Rat poison in a roof is effective, if you place it outside birds, dogs and other animals will eat it...spring traps with peanut butter bait are also effective.

----------


## HR Solutions

Is rat poison also the best for getting rid of a dog ?

----------


## AndyD

> Is rat poison also the best for getting rid of a dog ?


???

----------


## Dave A

> Is rat poison also the best for getting rid of a dog ?


(You are talking about your dog, right?)

----------


## Emma Taylor

If you care about your dog then just use the rat traps and glue traps.If that does not help then consult with professional exterminator.

----------


## HR Solutions

> If you care about your dog then just use the rat traps and glue traps.If that does not help then consult with professional exterminator.



My dogs fine ....... its my neighbours barking dog that is not !

----------


## AndyD

I had similar problems in the past and eventually ended up feeling sorry for the dog.

----------


## HR Solutions

I feel very sorry for the dog, the dogs owner never walks him, never plays with him - his garden is an absolute mess - the dog is lonely and the minute he leaves the house the dogs barks non stop.  I have spoken to the neighbour - he went and got ANOTHER dog (supposedly to be company for the barking dog) and nothing has changed - in fact it is worse.  This has been carrying on for over a year - I am at wits end - so now I need to do something myself !

----------


## Justloadit

Hi HR,

What about using  electronics to stop barking

----------


## HR Solutions

> Hi HR,
> 
> What about using  electronics to stop barking



Aren't those dog collars ?  This problem dog is my neighbours dog .

----------


## Justloadit

Hi HR,
many years ago I saw an item, that emitted a high frequency sound when a dog barked.
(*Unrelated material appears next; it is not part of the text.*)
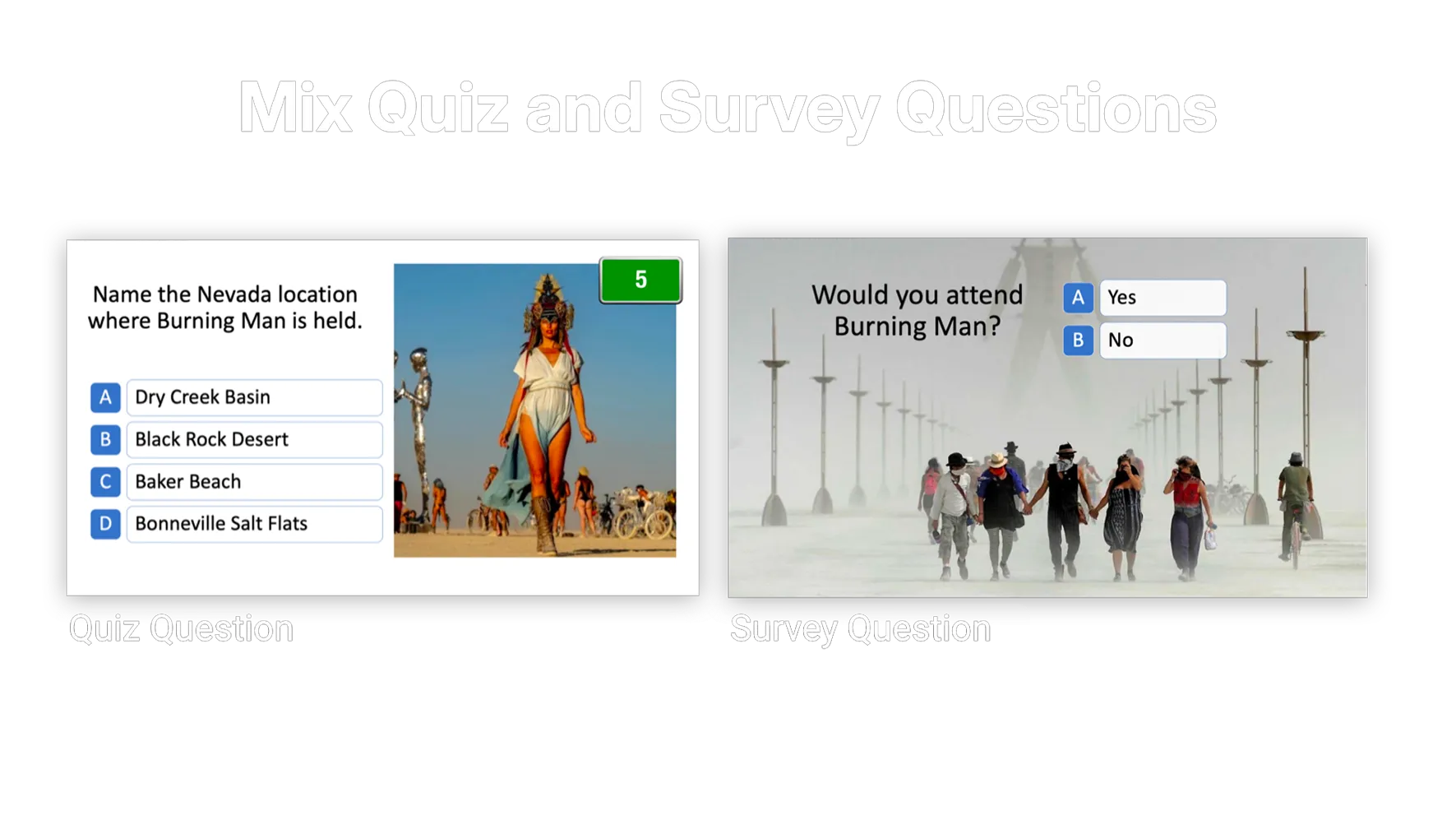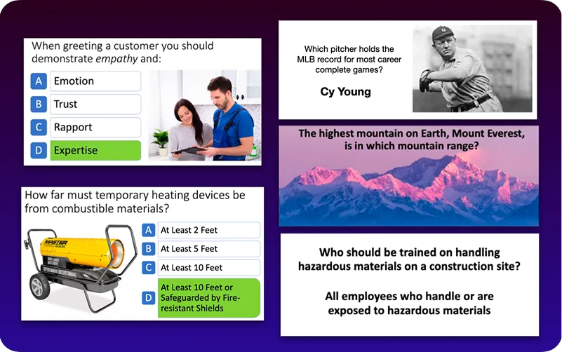 Create media-rich questions and Info Screens using our ready-made PowerPoint templates.

Maybe contact the local people to see if they have one.
Here is one but it is in the USA

----------


## Mike C

I am very interested in this product.  Does anyone know of a local source?

----------


## pmbguy

Does it work for children?

----------


## Didditmiself

What did you do?

----------


## Mike C

Was at the Chinese Mall yesterday and saw a plastic contraption for about R80.00 that was supposed to stop dogs "maching" (sic) - which I gathered meant barking.  It looked like a little torch (in fact could be used as a torch) and could supposedly be used to "train" dogs emitting a sound that was not harmful to humans.  You point and press the button.

Unfortunately it did not mention the distance over which it would work and looked like a really cheap plastic thing.  I was tempted to buy it just to see how effective it was, but then thought better of it.

----------